EXERCISE INSTRUCTIONS. Pull out of the data below the stretch of lines bounded by the one containing "LOT129 明万历 青花雉鸡牡丹图双兽耳瓶(细节图)" and the one containing "En tanto, luego", both bounds included, unchanged.

___ DATA FOR ANALYSIS

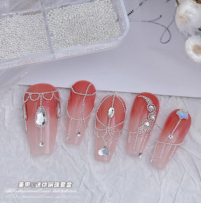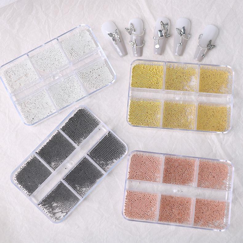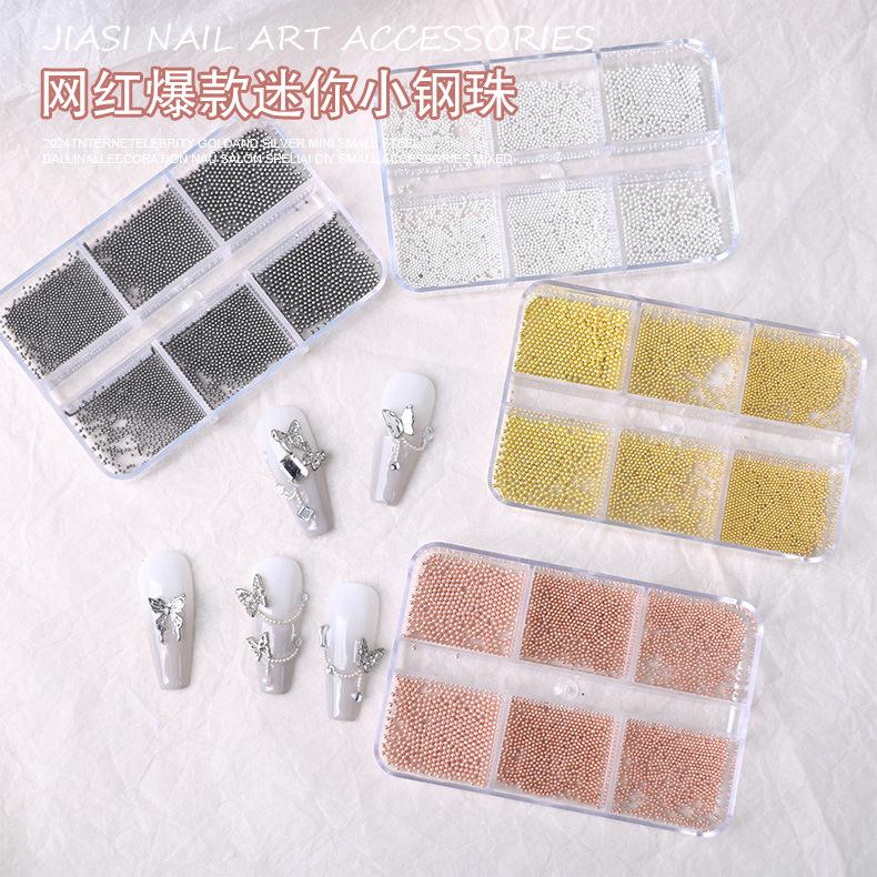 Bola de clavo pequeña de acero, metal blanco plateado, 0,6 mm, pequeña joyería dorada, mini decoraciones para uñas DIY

______
___ DATA FOR ANALYSIS

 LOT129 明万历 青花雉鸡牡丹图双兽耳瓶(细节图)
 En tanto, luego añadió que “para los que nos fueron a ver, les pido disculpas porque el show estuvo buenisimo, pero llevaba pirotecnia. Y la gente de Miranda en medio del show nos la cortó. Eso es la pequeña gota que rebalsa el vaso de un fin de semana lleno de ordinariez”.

______

ANSWER SPACE.
 LOT129 明万历 青花雉鸡牡丹图双兽耳瓶(细节图)
 En tanto, luego añadió que “para los que nos fueron a ver, les pido disculpas porque el show estuvo buenisimo, pero llevaba pirotecnia. Y la gente de Miranda en medio del show nos la cortó. Eso es la pequeña gota que rebalsa el vaso de un fin de semana lleno de ordinariez”.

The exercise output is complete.